WHAT YOU HAVE TO DO → Below are records; the lines starting at the one with "縣長蒞校訪視學校午餐食農-野" and ending at the one with "Авокадо стоит покупать" must be reproduced exactly, both included. Pictures must not appear.

Records from a collection →
Start of Block

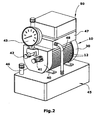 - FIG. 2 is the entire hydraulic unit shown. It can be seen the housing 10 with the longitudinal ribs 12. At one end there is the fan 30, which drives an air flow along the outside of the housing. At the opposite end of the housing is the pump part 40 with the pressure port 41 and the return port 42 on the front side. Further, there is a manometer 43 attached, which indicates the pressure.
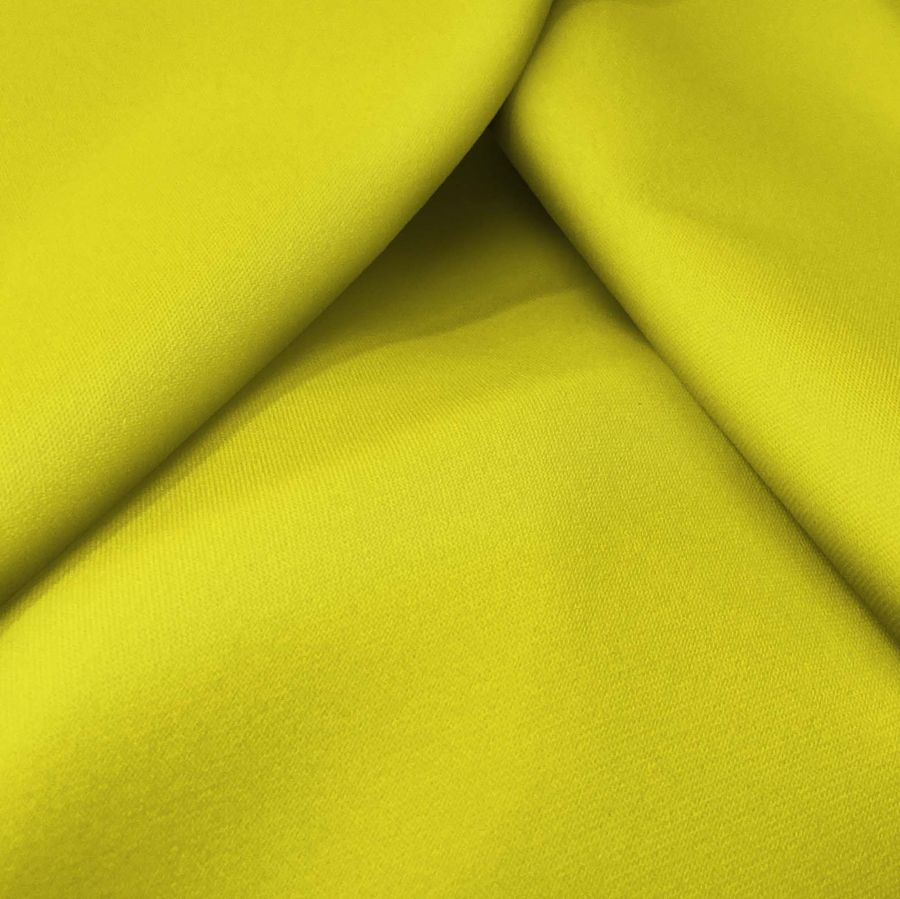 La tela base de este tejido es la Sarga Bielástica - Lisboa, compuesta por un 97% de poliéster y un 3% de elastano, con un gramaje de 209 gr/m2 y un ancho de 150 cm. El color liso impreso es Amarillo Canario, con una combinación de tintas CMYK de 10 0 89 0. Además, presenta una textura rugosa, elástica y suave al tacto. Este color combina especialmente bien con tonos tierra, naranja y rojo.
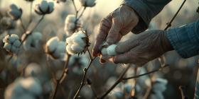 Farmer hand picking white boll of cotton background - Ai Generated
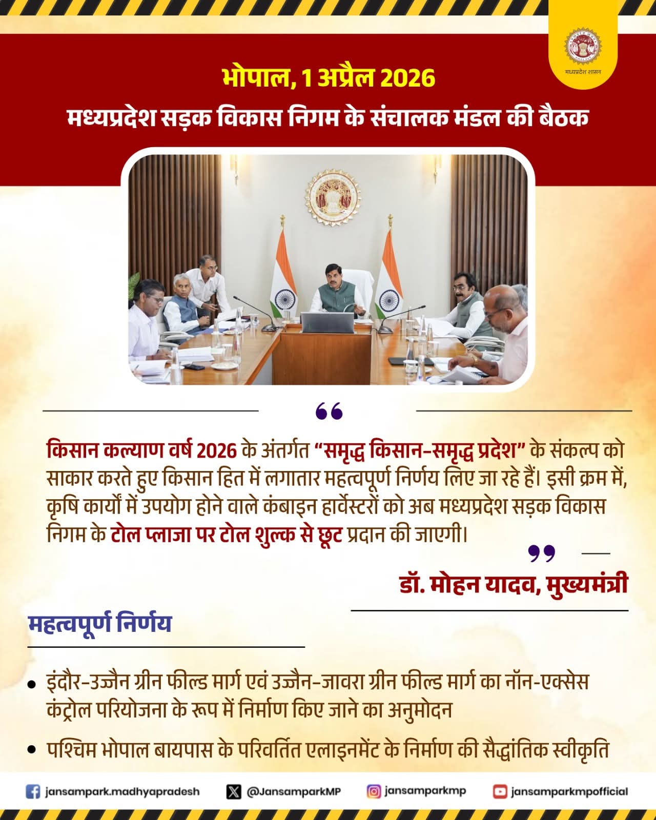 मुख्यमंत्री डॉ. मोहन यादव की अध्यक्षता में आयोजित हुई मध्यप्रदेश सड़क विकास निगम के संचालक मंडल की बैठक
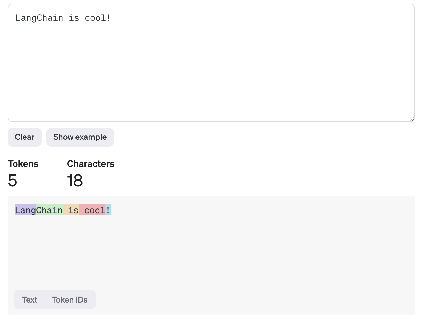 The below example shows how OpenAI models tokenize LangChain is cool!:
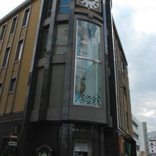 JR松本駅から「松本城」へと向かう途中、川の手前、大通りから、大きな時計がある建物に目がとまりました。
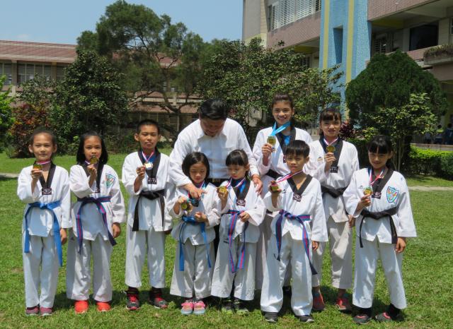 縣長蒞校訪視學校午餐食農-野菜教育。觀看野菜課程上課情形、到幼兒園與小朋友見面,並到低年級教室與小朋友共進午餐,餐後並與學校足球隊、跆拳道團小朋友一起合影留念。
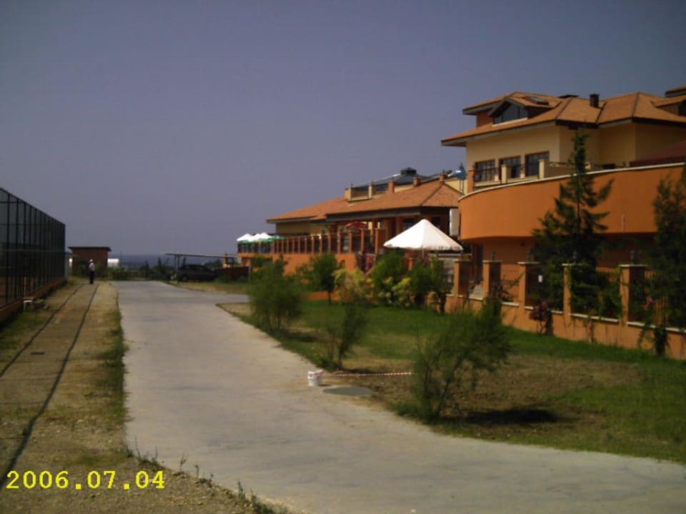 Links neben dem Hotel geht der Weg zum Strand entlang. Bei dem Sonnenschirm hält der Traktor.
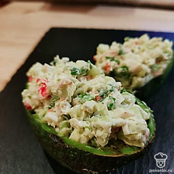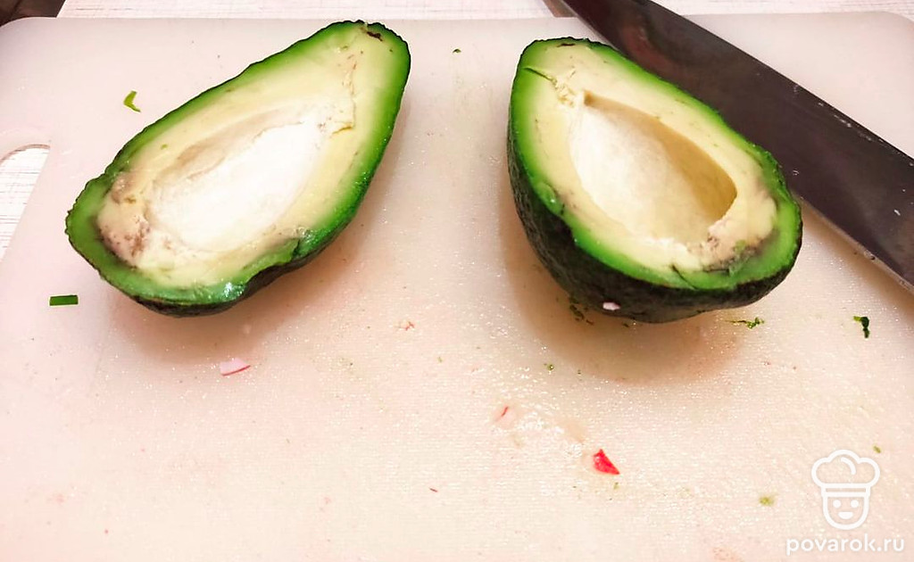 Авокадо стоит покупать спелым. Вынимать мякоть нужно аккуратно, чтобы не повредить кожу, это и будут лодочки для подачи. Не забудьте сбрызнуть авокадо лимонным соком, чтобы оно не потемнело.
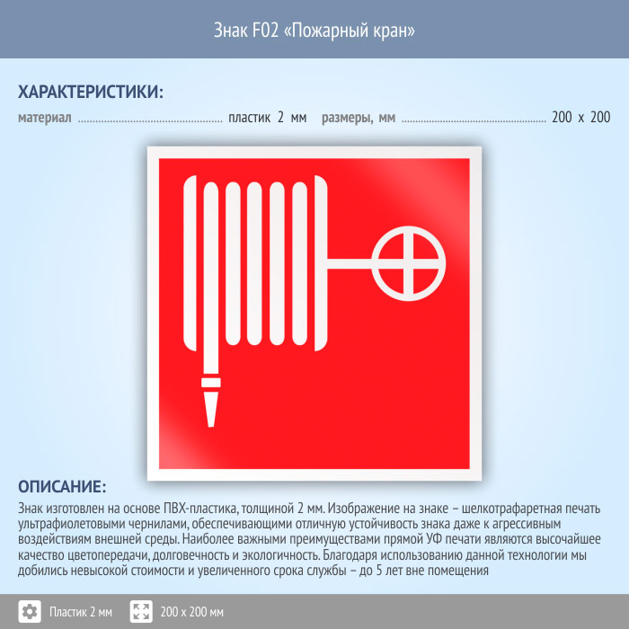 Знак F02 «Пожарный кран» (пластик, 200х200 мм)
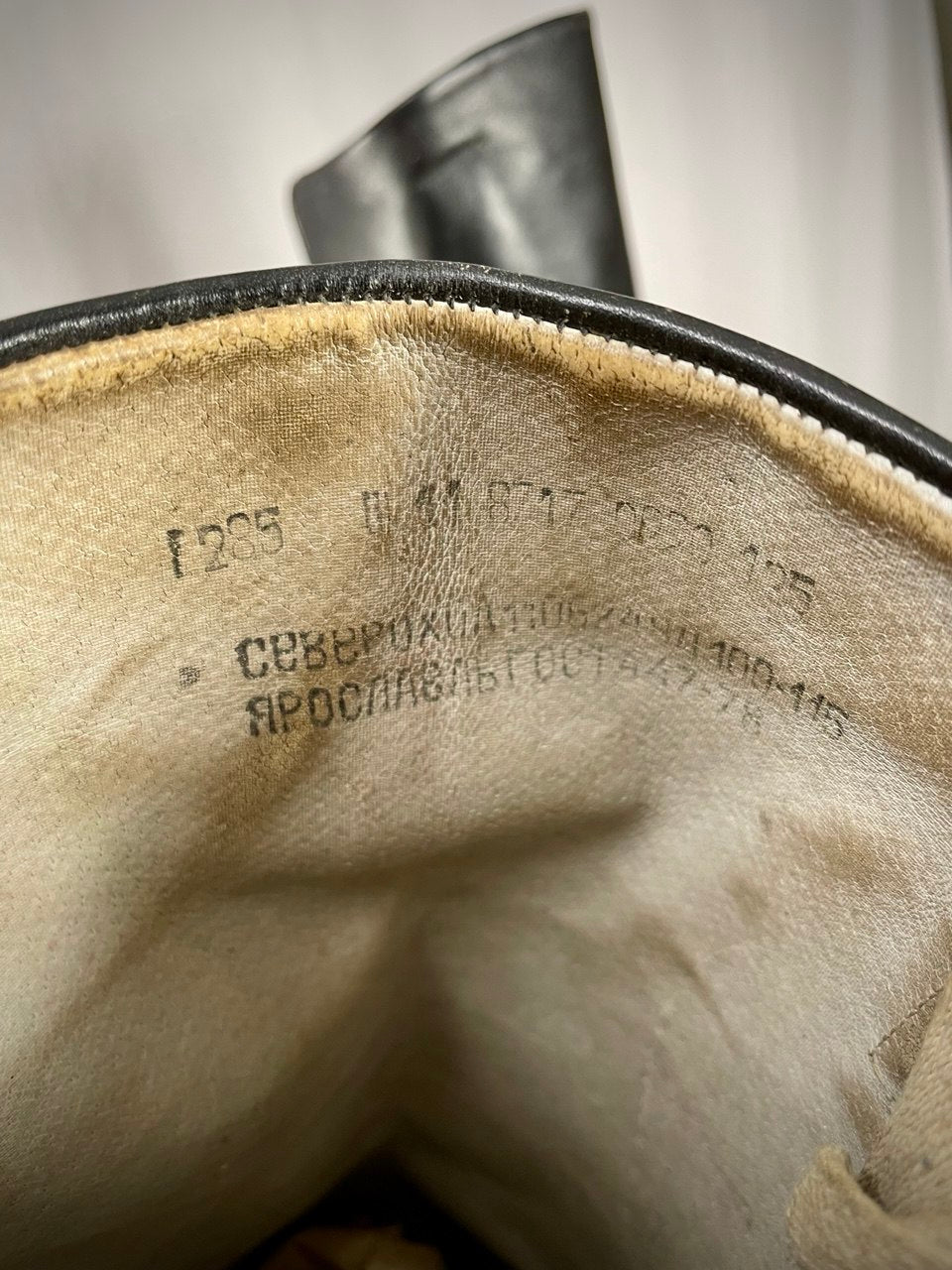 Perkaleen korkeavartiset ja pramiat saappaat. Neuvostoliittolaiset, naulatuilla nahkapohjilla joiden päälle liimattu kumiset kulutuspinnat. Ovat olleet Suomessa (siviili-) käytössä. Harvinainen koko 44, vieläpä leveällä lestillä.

End of Block

TASK OUTPUT →
 縣長蒞校訪視學校午餐食農-野菜教育。觀看野菜課程上課情形、到幼兒園與小朋友見面,並到低年級教室與小朋友共進午餐,餐後並與學校足球隊、跆拳道團小朋友一起合影留念。
 Links neben dem Hotel geht der Weg zum Strand entlang. Bei dem Sonnenschirm hält der Traktor.
 Авокадо стоит покупать спелым. Вынимать мякоть нужно аккуратно, чтобы не повредить кожу, это и будут лодочки для подачи. Не забудьте сбрызнуть авокадо лимонным соком, чтобы оно не потемнело.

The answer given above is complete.